Saturday, April 22, 2017

Fair Play by Tove Jansson

And she'd search on, all the while afraid that they'd encounter something fantastic--one of those never-to-be-repeated street events that would play out before their eyes just as the film ran out--and then have to wonder.

Fair Play is the third book I've read by Tove Jansson, and the first I've reviewed. All three books put together only totally a little over 300pp, so they're not big time investments, and the writing is often so simple as to seem shallow--I put down the wonderful Summer Book the first time I picked it up because it seemed like a little bit of nothing--but Jansson's seemingly simplistic prose is like the tip of the iceberg. Hemingway would be proud of the amount Jansson is willing to leave submerged.

Fair Play is about two women in their 70s, Mari and Jonna, and their lives together on a small island--similar to the one in The Summer Book, though no connection is ever explicitly stated--and their lives together as they create art and capture life through their stories, drawing, and videos. Like The Summer Book, the stories in Fair Play are clearly related without ever being completely clear on chronology or exposing any strong narrative throughline. The characters and their experiences together are the story, such as it is. In one of the vignettes, Mari is talking to Jonna about a story she's working on, and reads Jonna an excerpt:

Bosse said, "And why should it all fit together? In what way? What did you expect?"

"Some sort of meaning to it all."

"Stop," Jonna said. "You said that earlier. You're going on and on about it,"
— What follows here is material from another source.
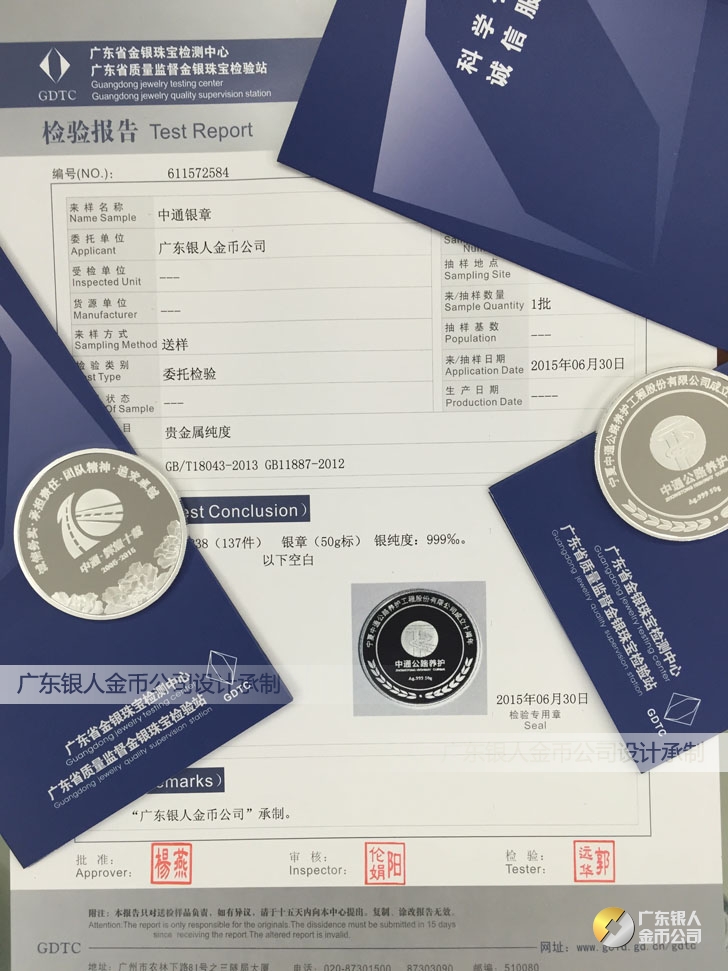 廣東銀人金幣公司承接客戶(hù)個(gè)性化定制的金銀幣、金銀章、金銀條、金銀牌、金銀盤(pán)均由國(guó)家質(zhì)監(jiān)部門(mén)、嚴(yán)格檢測(cè)、權(quán)威鑒定:

Funny, but also a simple but profound truth about how we view our own stories--we want to be the center of some event, some narrative that has a distinct ending. But Fair Play ends without a proper ending--Jonna is given an opportunity to work alone in France for a year, and Mari encourages it, dreaming of what she'll accomplish in her own solitude, and we're never told if they even meet again, certainly not guaranteed given their ages. Such is life. But the last words of the book are quite moving its own simple way, and, I think, true:

Mari was hardly listening. A daring thought was taking shape in her mind. She began to anticipate a solitude of her own, peaceful and full of possibility. She felt something close to exhilaration, of a kind that people can permit themselves when they are blessed with love.

Note: I wanted to talk a little bit about how this seems like a really lovely portrait of a lesbian relationship, but since Jansson is never explicit, I decided not to be either--the intro didn't mention it but given Jansson's life it's at least an interesting way to approach the work.